The Face Behind Facebook

By
CBSNews
(CBS)  Are you on Facebook yet? The site is up to 60 million users so far, with a projection of 200 million by the end of the year.

If you're not on Facebook, here's how it works: you set up a profile page with details about yourself and then decide who gets to see it. Friends use their pages to share personal news, exchange photos, team up on political causes, or just play long-distance Scrabble. It can be a useful tool or an addictive waste of time. Either way, Facebook is having a dramatic impact on the World Wide Web and it's estimated to be worth $15 billion.

As Lesley Stahl reports, sitting atop this growing company and directing an Internet revolution is a young, geeky computer programmer who created the site only four years ago.



The face of Facebook is Mark Zuckerberg, the mogul who's guiding its extraordinary growth. What everyone wants to know is: Is he old enough to be running a company some people say is the biggest thing since Google?

"I'm 23 right now," Zuckerberg tells Stahl when asked how old he is.

"And you're running this huge company," Stahl remarks.

"It's not that big," Zuckerberg says.

During her visit to Facebook's headquarters, Zuckerberg helped Stahl set up her own Facebook page, with a profile of her likes and dislikes. They added her friends and family, and within a few minutes, she got a friend request.

"Here's a guy I haven't talked to in two years and I'm so thrilled to hear from him," Stahl remarks.

This is why so many find the site addictive. In a world with no cell phone or e-mail directories, Facebook has become a way to find lost friends.

"It used to be the case, like you'd switch jobs. And then maybe you wouldn't keep in touch with all the people that you knew from that old job. Just 'cause it was too hard," Zuckerberg explains. "But one of the things that Facebook does is it makes it really easy to just stay in touch with all these people."

Of course, if someone tries to "friend" you, you can ignore them. And privacy settings allow you to deny access to your page say, to your boss or your parents.

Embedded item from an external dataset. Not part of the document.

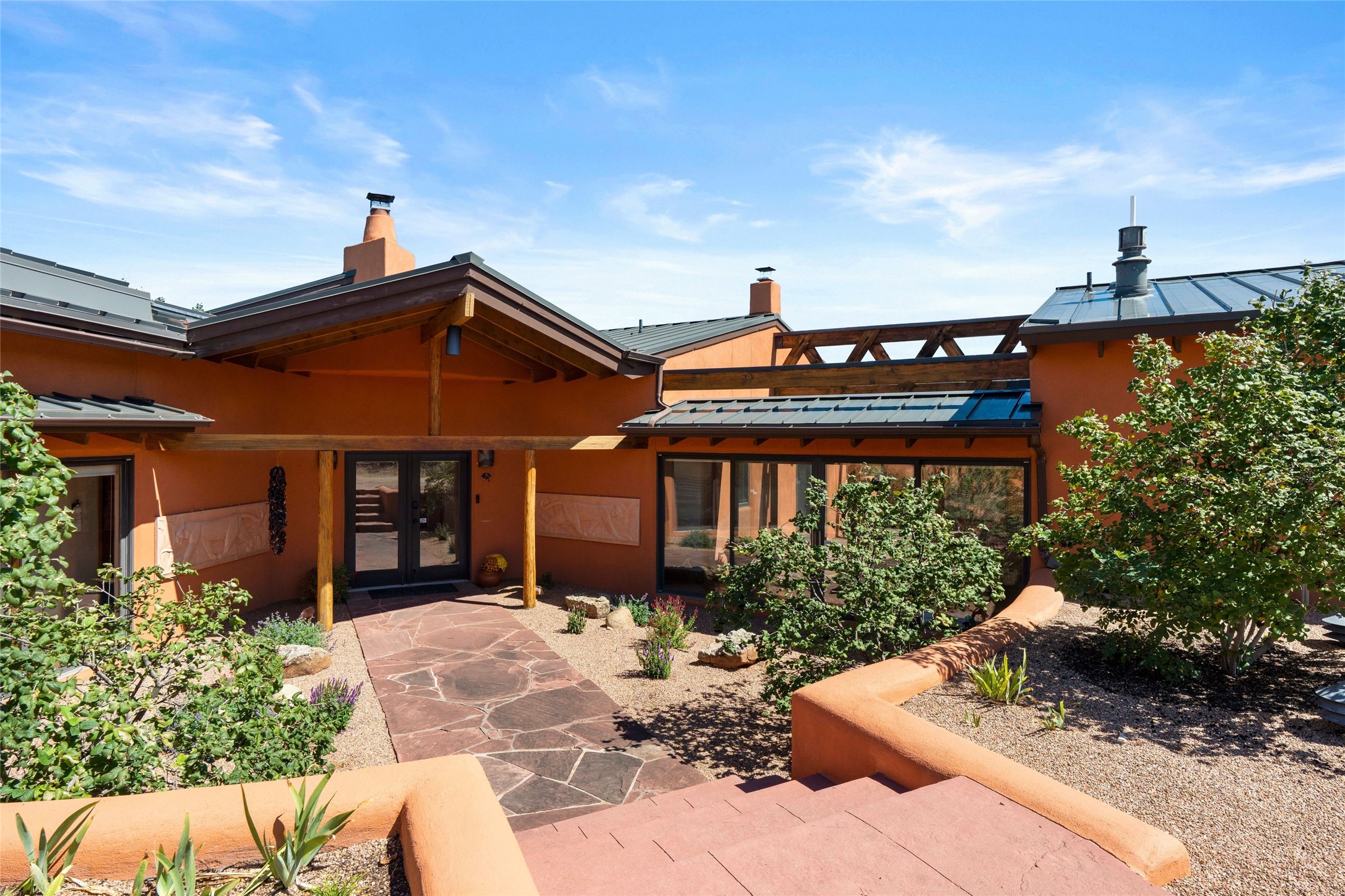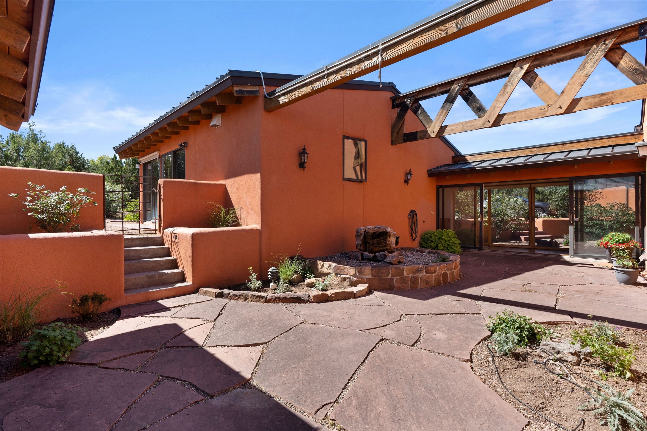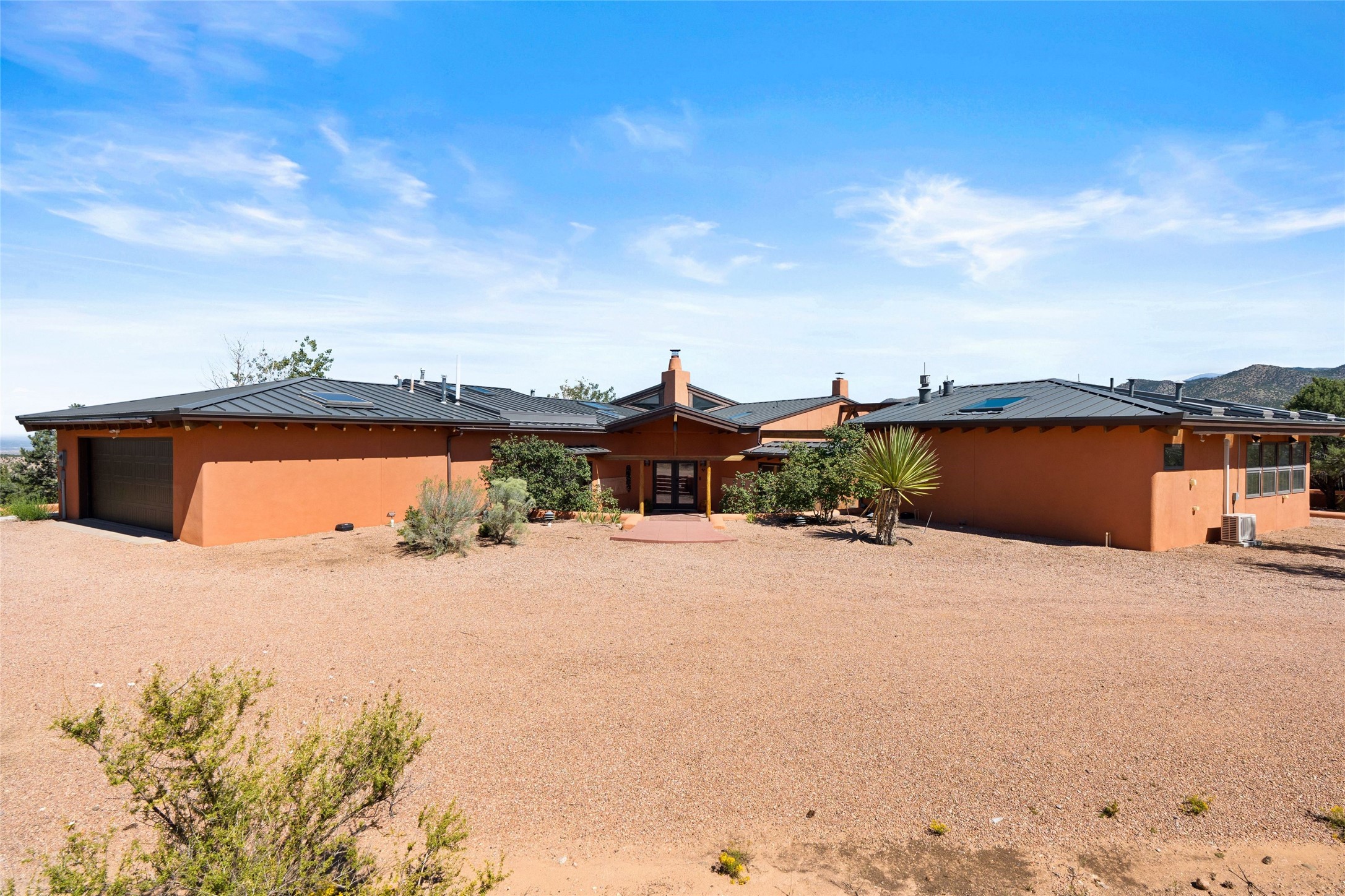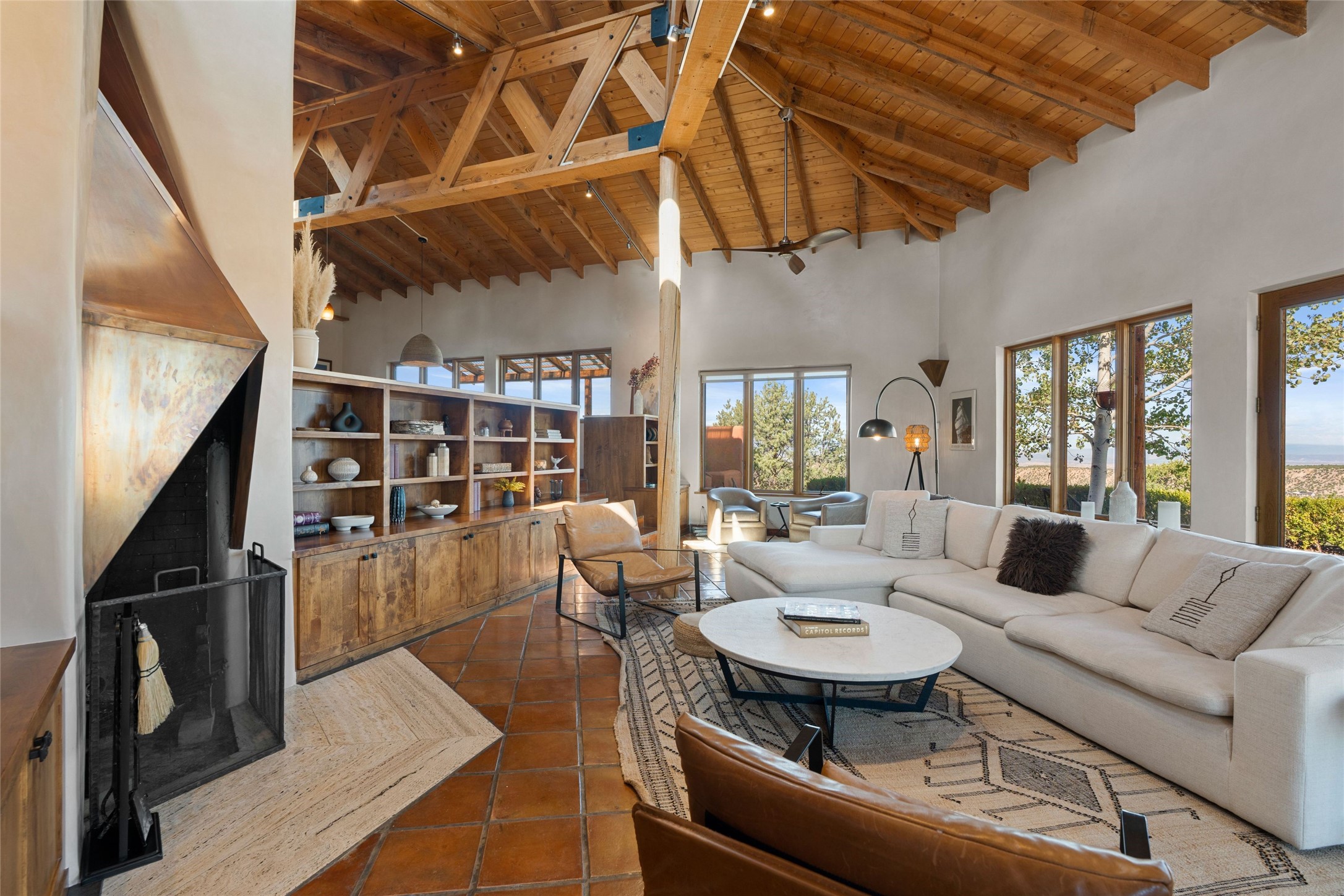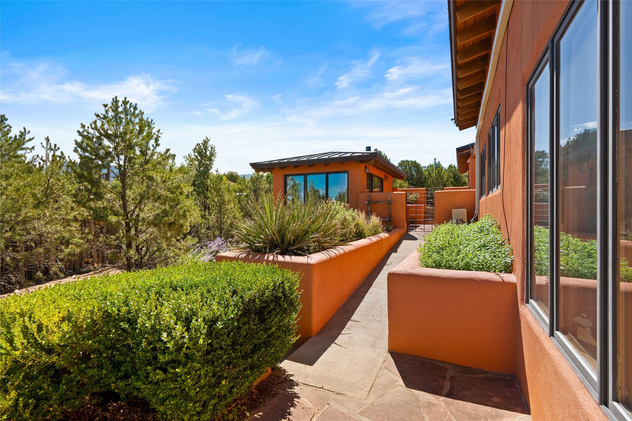 Stunning 3-bedroom, 3.5-bath home in Vista Redonda professionally sited on 5 ridge-top acres of pinon trees and breathtaking views of the Sangre de Cristo and Jemez Mountains. Constructed by renowned builder Dennis Sayer, this residence showcases exceptional workmanship and reflective design. The pitched roof and soaring beamed ceilings create an airy, inviting atmosphere, while the hard plaster walls and polished Saltillo tiles add timeless elegance. Upon entering, you'll find a spacious great room that flows into a dining area and a well-appointed eat-in kitchen. The office, complete with built-in desk and bookcases, provides a quiet retreat, while the kiva fireplace adds warmth and character to the space. The home features two en-suite bedrooms in each wing, ensuring privacy and comfort for guests.. In addition, there is a detached 196 sq. ft. studio/casita. Multiple outdoor areas invite you to enjoy al fresco dining and entertaining, including a delightful sunrise breakfast patio where you can soak in the morning sun with a cup of coffee. Natural light floods the home through plentiful skylights, windows, and glass doors, begetting a bright and welcoming environment. Additional highlights include a heated 2-car garage and newer boiler and water heaters. Just south of Vista Redonda is the Village of Tesuque, its neighborhood gathering spot Tesuque Village Market and the contemporary restaurant and bar, El Nido. Easy access to The Santa Fe Opera and downtown Santa Fe.

Facebook's headquarters in downtown Palo Alto look like a dorm room; the 400 employees, who get free food and laundry, show up late, stay late, and party really late.

Zuckerberg, who's made the cover of Newsweek and is reportedly worth $3 billion, sits at a desk like the other software engineers, writing computer code.

"Have you changed your lifestyle? You don't look like you're buyin' really expensive clothes," Stahl asks Zuckerberg, who showed up to the interview in a sweatshirt and sandals.

"No, I'm not buying really expensive clothes," Zuckerberg replies, laughing.

"Are you buying things that you would be…," Stahl asks.

"Yeah. No, I have a little, like one bedroom apartment with a mattress on the floor. That's where I live," Zuckerberg says.

Kara Swisher, who used to write about Silicon Valley for The Wall Street Journal and now has a blog, All Things Digital, has called him "The Toddler CEO."

"What do you think it's done to him, as a person, to be 23 years old…," Stahl asks.

"Well, I think it's hard. I think when all of a sudden you're the smartest person in the world, and you're the meal ticket for everybody, and this is the big hit. This is the new Google at this point," Swisher says. "And so Mark is under a lot of pressure, because everybody wants something from him."

Like the founders of Google, Larry Page and Sergey Brin, Mark Zuckerberg is looked up to in Silicon Valley as a visionary.

"You seem to be replacing Larry and Sergey as the people out here who everyone's talking about," Stahl remarks. Zuckerberg doesn't reply, only stares at her at length.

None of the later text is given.